I had never thought of being ashamed of my hands before; but I began to consider them a very indifferent pair. Her contempt for me was so strong, that it became infectious, and I caught it.
It is an infection that Pip never quite recovers from; as he spends more time with Miss Havisham and the tantalizing Estella, he becomes more and more discontented with his guardian, the kindhearted blacksmith, Joe, and his childhood friend Biddy. When, after several years, Pip becomes the heir of an unknown benefactor, he leaps at the chance to leave his home and friends behind to go to London and become a gentleman. But having expectations, as Pip soon learns, is a two-edged sword, and nothing is as he thought it would be. Like that other "little piece," A Tale of Two Cities, Great Expectations is different from the usual Dickensian fare: the story is dark, almost surreal at times, and you'll find few of the author's patented comic characters and no comic set pieces. And yet this is arguably the most compelling of Dickens's novels for, unlike David Copperfield or Martin Chuzzlewit, the reader can never be sure that things will work out for Pip. Even Dickens apparently had his doubts - he wrote two endings for this novel.

Book Description

In what may be Dickens’s best novel, humble, orphaned Pip is apprenticed to the dirty work of the forge but dares to dream of becoming a gentleman—and one day, under sudden and enigmatic circumstances, he finds himself in possession of “great expectations.” In this gripping tale of crime and guilt, revenge and reward, the compelling characters include Magwitch, the fearful and fearsome convict; Estella, whose beauty is excelled only by her haughtiness; and the embittered Miss Havisham, an eccentric jilted bride.

No other novel in the English language so epitomizes upward mobility, the rise from poverty to wealth, as Great Expectations. Often considered to be one of Dickens's best novels, it tells the story of young Pip who is mysteriously helped by two people: escaped convict Magwitch and the eccentric dowager Miss Havisham. Here is storytelling at its best, alive with bigger-than-life characters, plot twists that turn on a dime, and scenes that burst off the page with color.

About the Author

Charles Dickens was born in England in 1812. Believing that if he worked hard enough he could achieve his dreams, he was shattered when his father moved the family to London in 1823, encountered financial disaster, and was arrested for debt and placed in debtor's prison. Dickens was forced to go to work at a blacking factory, labeling bottles. His memories from that period haunted him for the rest of his life.
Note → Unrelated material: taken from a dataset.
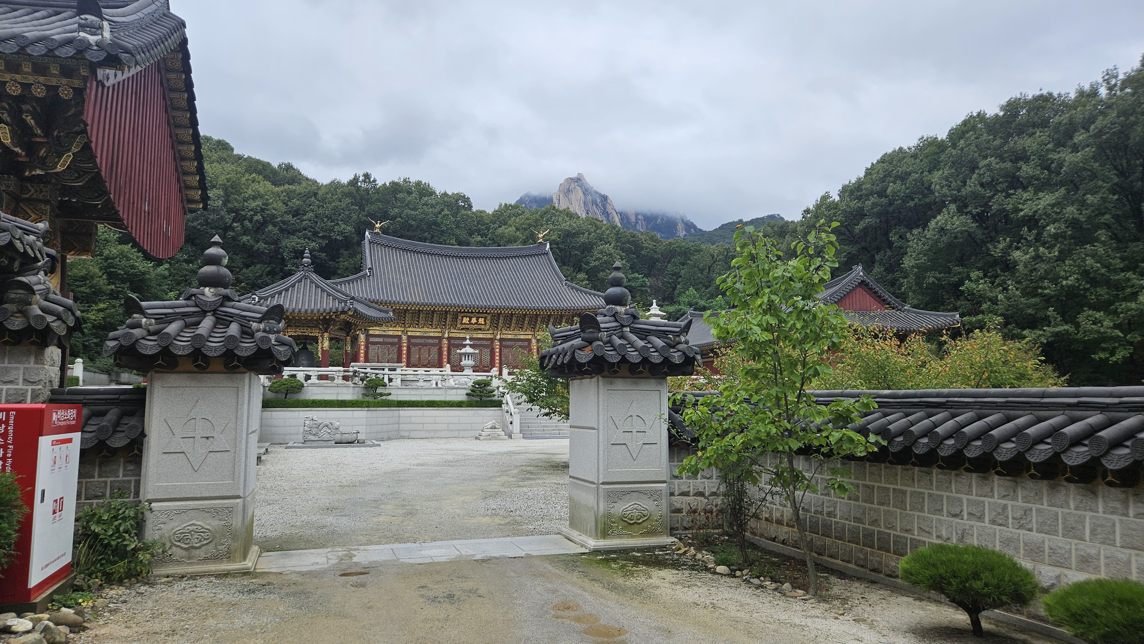 능원사의 대웅전과 도봉산 선인봉을 함께 본다.
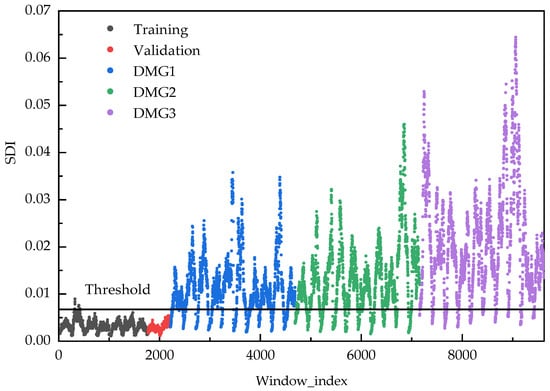 Figure 10 depicts the Structural Damage Indicator (SDI) distributions through five subplots corresponding to different damage scenarios. Each subplot illustrates the SDI spread using distinct markers: training set values under healthy conditions (black scatter), validation set values under healthy conditions (blue scatter), and measurements from specific damage scenarios (red scatter). The visualizations reveal pronounced distributional shifts between intact and damaged states.

After the family's financial situation improved, Dickens was able to return to school, and later to become an office boy, a freelance reporter, and finally an author. The Pickwick Papers brought Dickens instant notoriety; within a few years he was already the most popular and respected author of his time. In 1841 he went to America and was received with great enthusiasm. He is the author of such classics as Oliver Twist, Nicholas Nickleby, A Christmas Carol, Hard Times, and A Tale of Two Cities, among others. Due to his powers of observation, his sympathy with the humble, his sway over the emotions, and his incomparable gift of unalloyed fun, his works remain beloved by millions. Dickens had ten children before his marriage ended in separation in 1858. He died after suffering a stroke in 1870.